---- PROVIDED MATERIAL

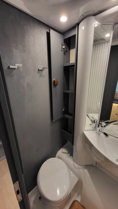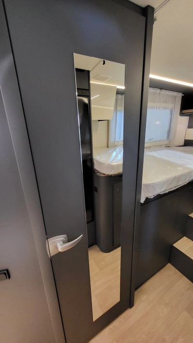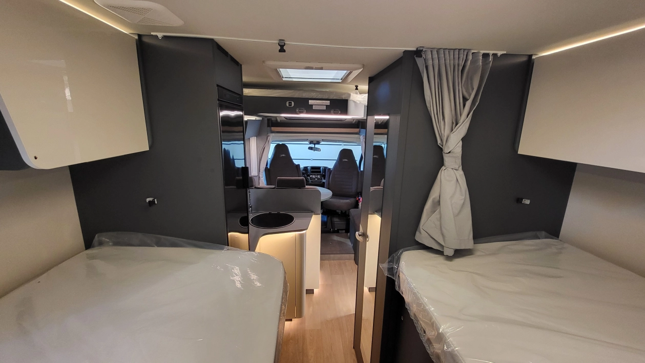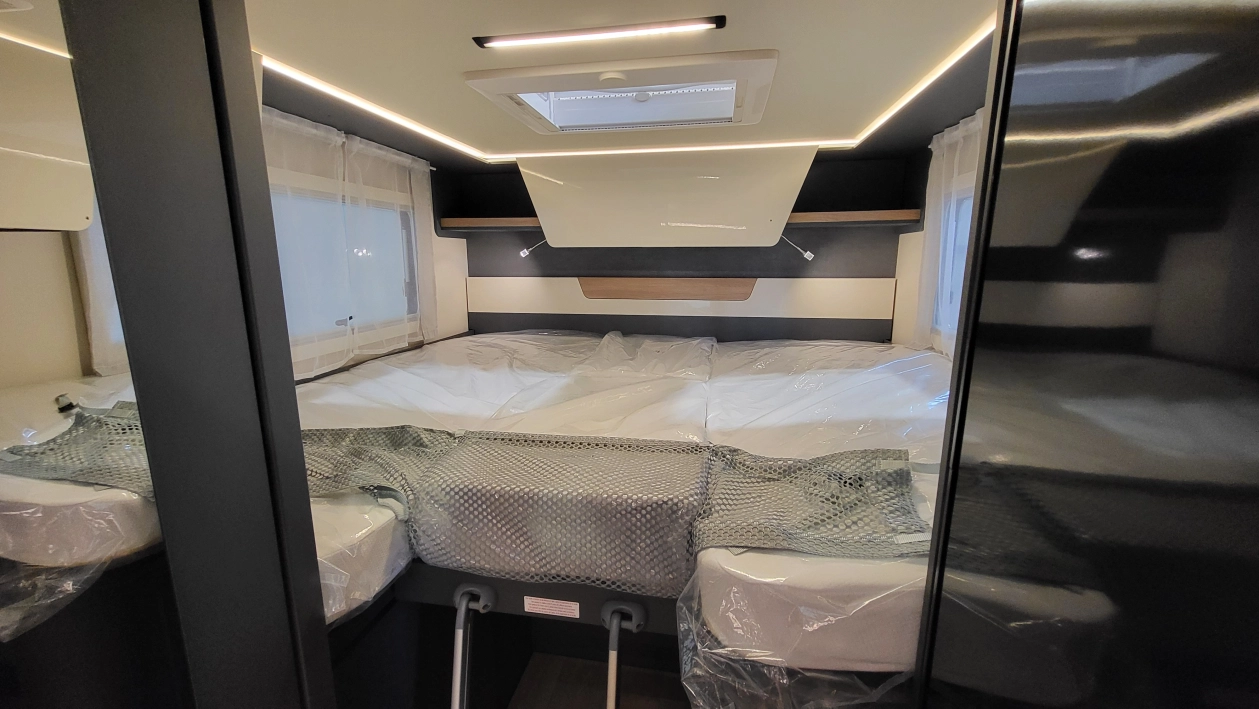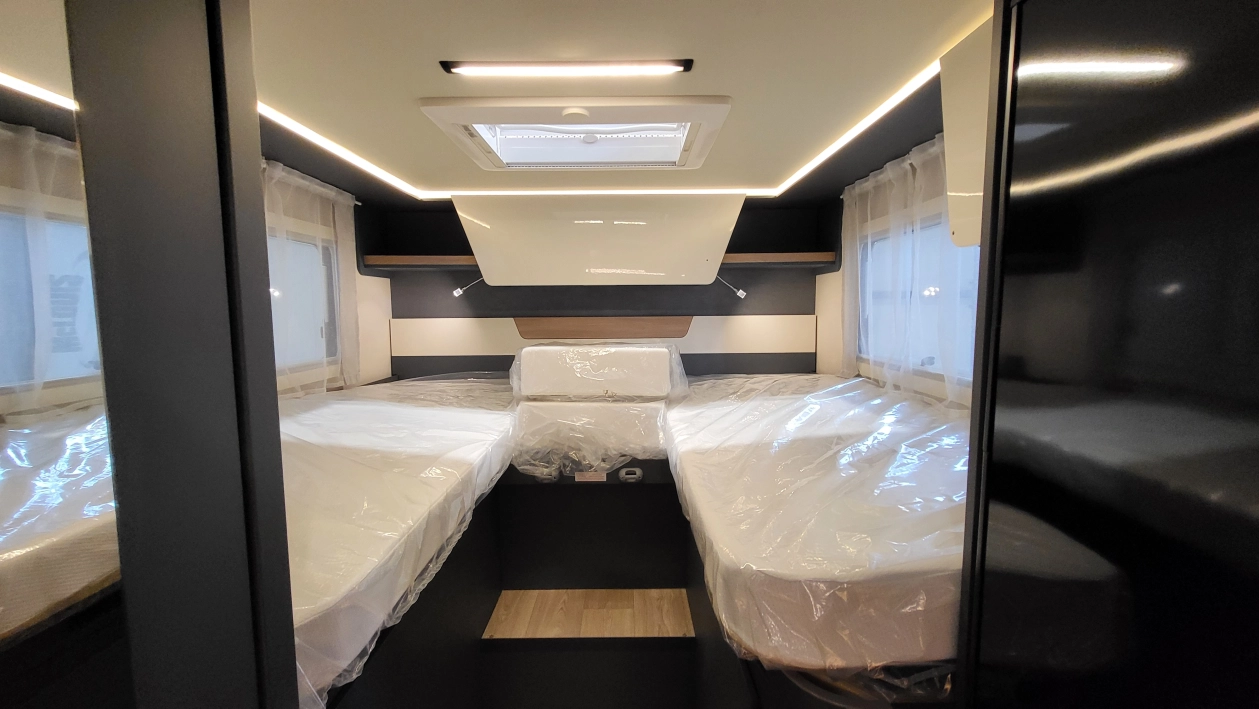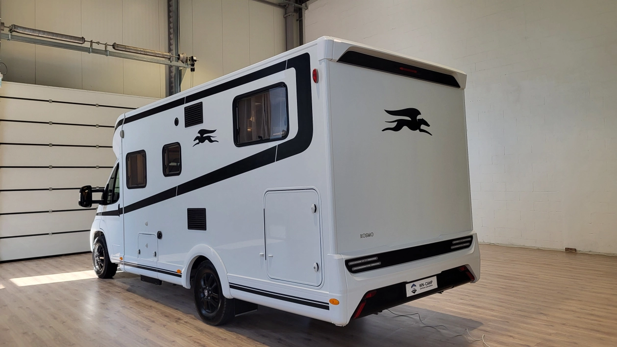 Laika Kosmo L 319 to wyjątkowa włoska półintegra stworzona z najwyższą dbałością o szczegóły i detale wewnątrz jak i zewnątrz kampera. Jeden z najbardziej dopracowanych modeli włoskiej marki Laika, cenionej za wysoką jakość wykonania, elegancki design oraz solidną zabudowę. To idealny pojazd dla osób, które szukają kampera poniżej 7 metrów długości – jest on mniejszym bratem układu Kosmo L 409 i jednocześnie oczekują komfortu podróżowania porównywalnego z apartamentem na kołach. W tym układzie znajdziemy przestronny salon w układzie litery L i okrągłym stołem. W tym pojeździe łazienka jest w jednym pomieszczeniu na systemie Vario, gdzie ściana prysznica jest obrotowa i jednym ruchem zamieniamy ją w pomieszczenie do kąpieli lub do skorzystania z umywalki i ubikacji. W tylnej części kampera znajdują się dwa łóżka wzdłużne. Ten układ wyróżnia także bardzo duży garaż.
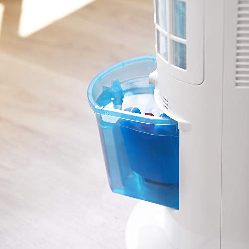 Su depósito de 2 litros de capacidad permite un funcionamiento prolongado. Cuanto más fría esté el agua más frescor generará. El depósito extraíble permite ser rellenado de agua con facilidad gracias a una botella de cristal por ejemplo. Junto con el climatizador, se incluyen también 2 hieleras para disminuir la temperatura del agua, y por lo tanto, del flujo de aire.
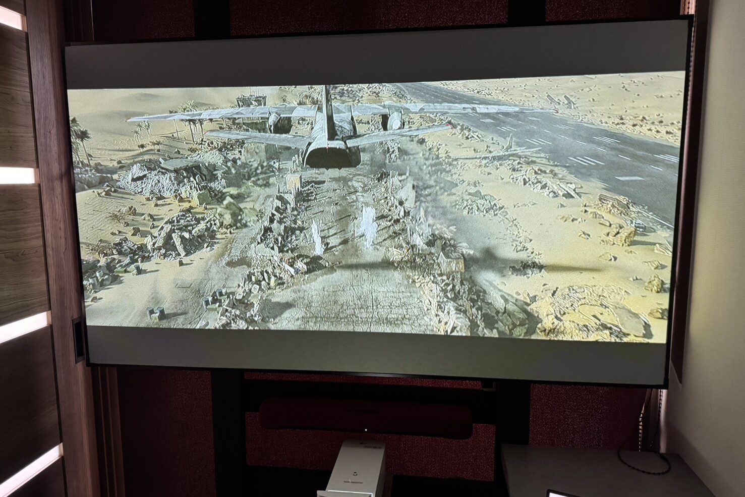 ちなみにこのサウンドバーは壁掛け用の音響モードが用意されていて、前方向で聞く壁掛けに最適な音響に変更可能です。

--------

Without any pictures, restate word for word only the lines from the one with "Su depósito de" through the end of the listing.

→ **ANSWER BELOW**
 Su depósito de 2 litros de capacidad permite un funcionamiento prolongado. Cuanto más fría esté el agua más frescor generará. El depósito extraíble permite ser rellenado de agua con facilidad gracias a una botella de cristal por ejemplo. Junto con el climatizador, se incluyen también 2 hieleras para disminuir la temperatura del agua, y por lo tanto, del flujo de aire.
 ちなみにこのサウンドバーは壁掛け用の音響モードが用意されていて、前方向で聞く壁掛けに最適な音響に変更可能です。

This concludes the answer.